Dans ce cadre il y a deux ou trois exemples à citer, le premier c’est le retour en force de la machine du RCD. En effet l’on remarque que d’anciennes figures de la dictature de Ben Ali ont refait surface tant sur le plan politique que d’autres. Il faut dire que Hamed Karoui, ancien Premier ministre, des années durant, sous le règne de Ben Ali est sur le devant de la scène avec des apparitions médiatiques répétées mais aussi avec une position qui grandit petit à petit dans l’échiquier politique, surtout qu’ils ont une très longue expérience dans le domaine.

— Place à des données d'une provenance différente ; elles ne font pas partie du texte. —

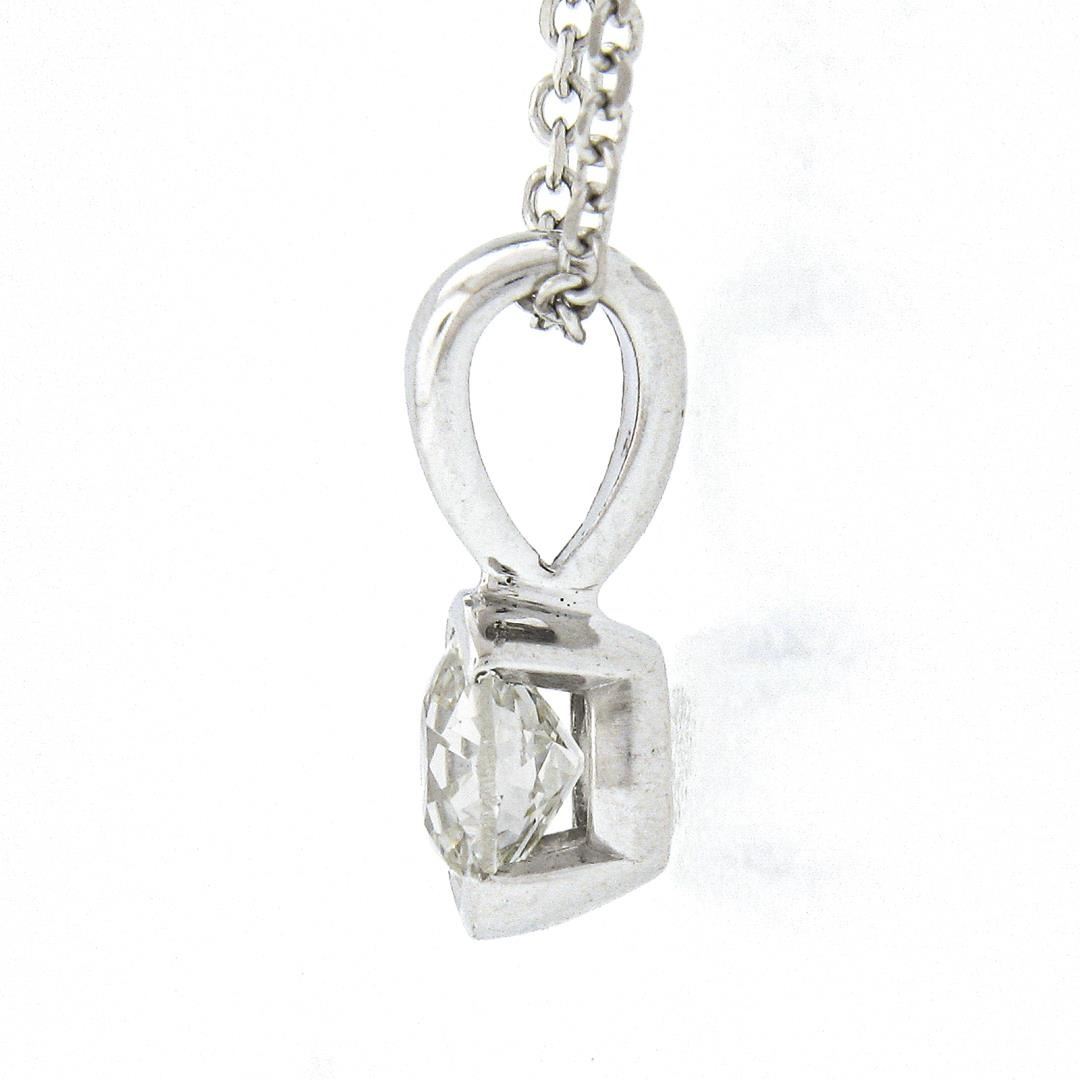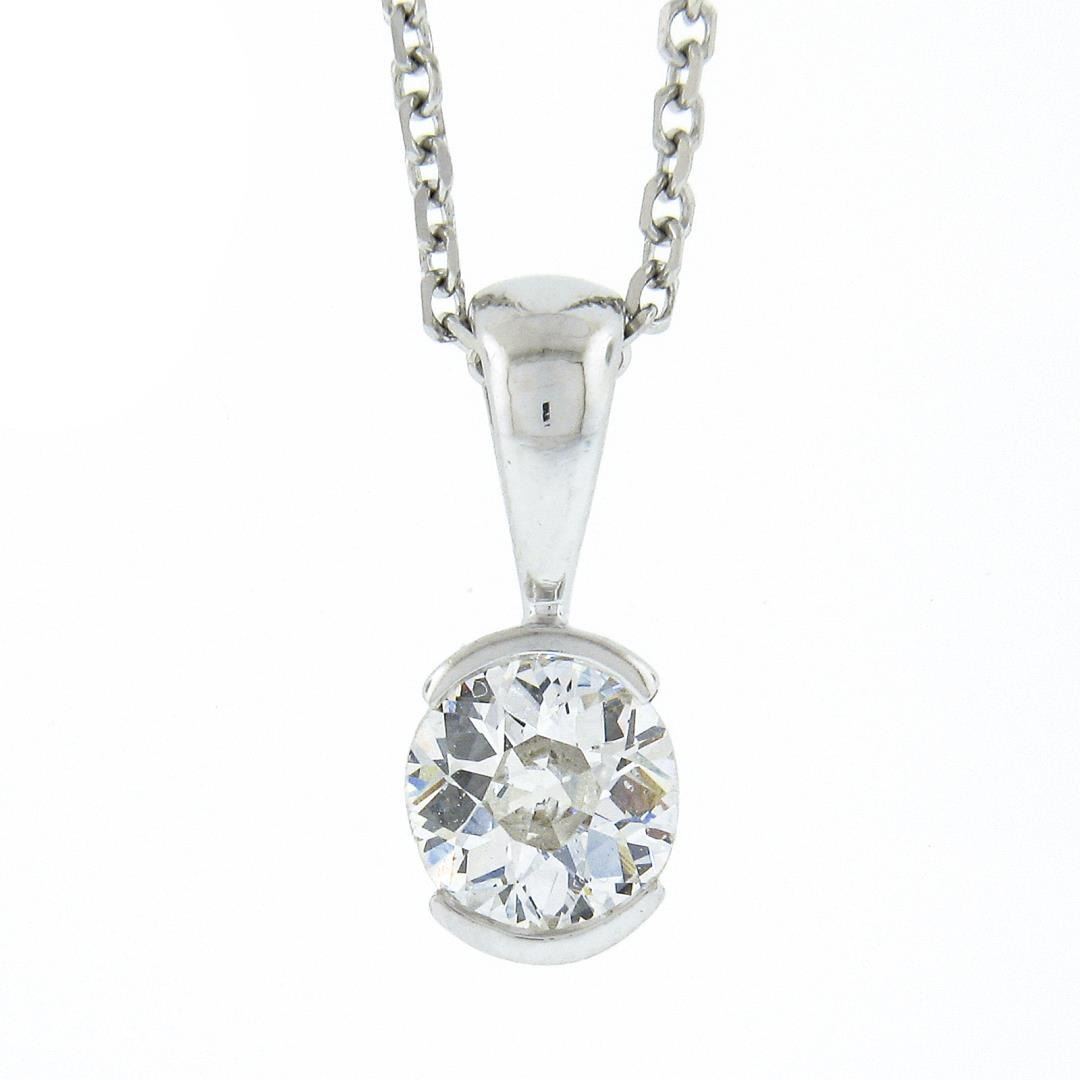 A new solid 14k white gold solitaire pendant necklace, with 1 old European cut natural diamond (H- VS2 ; 0.56ct). 18 inch cable link chain, 2.48 grams total weight, pendant measures 12.8x5.1mm.

Il y a aussi le phénomène Hachmi Hamdi qui a toujours su attirer par ses discours et positions populistes les Tunisiens, essentiellement des milieux ruraux et défavorisés…

Mais il y a surtout, tous les partis centristes, démocrates et modérés qui peuvent représenter une force véritable sur la scène politique s’ils s’allient . Il s’agit de l’Alliance Démocratique, d’Ettakatol, d’Al Joumhouri, de Afek Tounes, du Parti du Travail Tunisien et du Mouvement du Peuple. Tous ces partis se rejoignent quelques parts dans les idées et dans la vision de la Tunisie de demain.

D’ailleurs l’on sait que depuis un certain moment des pourparlers, sont engagés entre les structures décisionnelles de ces partis en vue de former une alliance ou une coalition à l’occasion des prochaines élections aussi bien législative, qui accoucheront d’un parlement, que présidentielles.

Et c’est justement là où se situe le problème, et pour cause… Comme partout dans le monde de la politique, il existe et existera toujours un problème d’égo. Lorsque l’on sait que Ahmed Nejib Chebbi et Mustapha Ben Jaâfer, pour ne citer que ces deux poids lourds, sont séduits par l’investiture de la Présidence de la République, problème, il y a. Car ces deux potentiels candidats en ont rêvés toute leurs vie et il semble très difficile qu’un accord ou qu’un terrain d’entente soit trouvés concernant cette problématique, qui sera, sas aucun doute inévitable.

En effet les différents observateurs ne voient pas comment l’une de ces deux personnalités pourrait faire des concessions et céder aux envies et autres aspirations de l’autre…

Certes le projet de ce pôle centriste est séduisant et laisse planer l’espoir pour une majorité de Tunisiens affamés de se faire représenter par une parti ou une alliance politique dans lequel ils pourront s’identifier, mais l’on craint que ce projet est dores et déjà voué à l’échec, tant l’envie de devenir le locataire de Carthage est pressante et pesante chez certains candidats.

Ceci sans prendre en considération l’existence d’autres candidats, aux ambitions démesurées, à l’instar de Yacine Brahim pour ne citer que cet exemple.

Toutefois, l’espoir fait vivre et on a bien le droit de rêver et de se dire que la raison l’emportera au final et que, grands politiciens qu’ils sont, ils arriveront bien à trouver une issue à cette problématique. Cependant il sera primordial de mettre sur la table des conversations tout ces points de discorde afin de donner la chance à ce futur projet de connaitre le jour et de vivre.